For pupils with SEND the rehearsal of declarative and procedural knowledge is recommended along with teaching them the facts in a planned and systematic way. Research evidence suggests that pupils with SEND should be given more time to complete tasks rather than different tasks in order to commit core facts and methods to long-term memory. Textbooks are promoted as being particularly important for low attainers.


Consolidation

There have been times in the past when teachers were afraid to refer to “consolidation”. The review accepts that there should be opportunities for pupils to rehearse what they have learnt and that practice is a key component of any maths curriculum.

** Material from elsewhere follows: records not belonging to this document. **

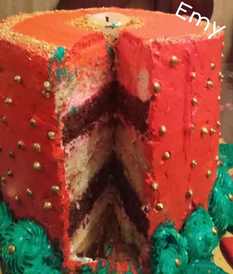 استخدمت مقدارين من مقادير الكيك لعمل ٦طبقات ووضع كريمة الزبدة بين الطبقات وطبقة الكريم الخارجية كريم شانتيه وباستيرى كريم بنسبة ١:٤حيث ان مقدار الباستيرى كريم يكافئ ربع مقدار الكريم شانتيه ونضربة بسكر بودرة وماء مثلج جداااا حتى يتماسك.
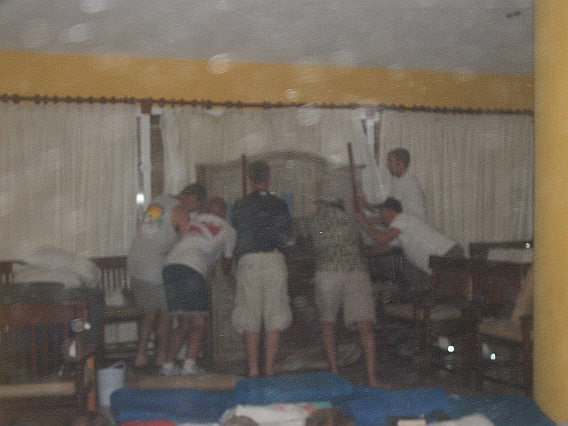 By Saturday afternoon "Wilma" seemed to be moving on. The winds had died down enough for us to start venturing out to our rooms mostly to see what damage had been done. The hotel is a long narrow building. The rooms are accessible by way of open walkways along the back of the building. Each room had a patio door opening out to a balcony on the other side. These faced the ocean. And they all had tile floors. Now we know why. There were only minor problems with most of the rooms. The air conditioners had blown in. They were easily shoved back into place. But the open gaps caused minor flooding. We all took turns squeeging the water out. And a towel around the air units helped keep more of the rain out. There were only a couple of patio windows that actually broke. Mostly the problem was the frames giving way. Our frame was rattling quite a bit. So, Chris "borrowed" one of the pieces of wood used to shade the walkway light outside of our room to brace the door frame against the wooden valance. It worked. We also left the entrance door open to relieve the pressure in the room.
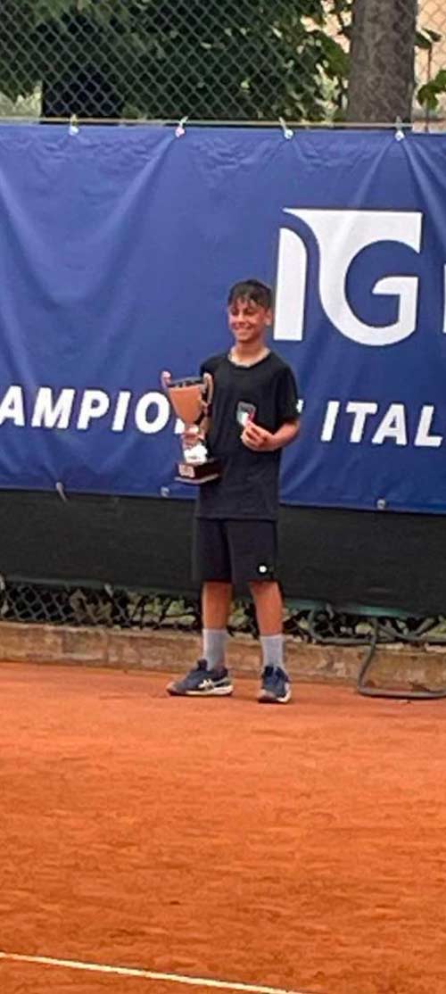 L’immagine mostra Giovanni Di Leva, fresco vincitore del campionato italiano under 12 al Tennis Club Milano Bonacossa, mentre posa con il trofeo accanto al suo avversario e ad alcune figure istituzionali.

They describe this as the transfer of initial moments of success, realisation and understanding into long-term memories.
It is suggested that homework assignments can be a useful tool in ensuring that there is sufficient practice of key concepts learnt and that teachers should be encouraged to set pupils tasks that enable them to rehearse facts, methods and strategies.

Rehearsal for younger pupils can include games, songs, dominoes, counting sequences and be assisted through the use of computers.


Assessment

The review suggests that a mixture of approaches is ideal with regular tests of recently taught content alongside a final summative assessment. It is important that pupils are able to achieve a degree of proficiency so that they experience success in testing and are motivated to continue.

They refer to the importance of “low-stakes” testing which is more closely aligned with recently taught content. This might be timed to encourage the automatic recall of facts. Consideration should be given to the setting of stories and problems so that language is not a barrier.


Teacher training

There is an emphasis on teachers working together sharing ways of teaching within a framework of a school-wide approach. Young maths teachers should:

  • Have opportunities to observe and be mentored by experienced and successful teachers of maths.
  • Be provided with sequenced schemes and systematic plans supported by textbooks and teacher notes.
  • Have opportunity to engage in collaborative planning with more experienced and successful maths teachers.


Drawing comparisons

Research referred to in the review looks to the success of Asian countries and their level of maths fluency. The link is made to the methods they use. However, no strategy is directly transferable from one country to another. The impact of culture, history and expectations are important and must be given full recognition for the role that they play. Using this research review as their benchmark, it will be interesting to see how Ofsted reports on maths education during its school inspections in the coming months.

  • Suzanne O’Connell is a freelance education writer and a former primary school headteacher.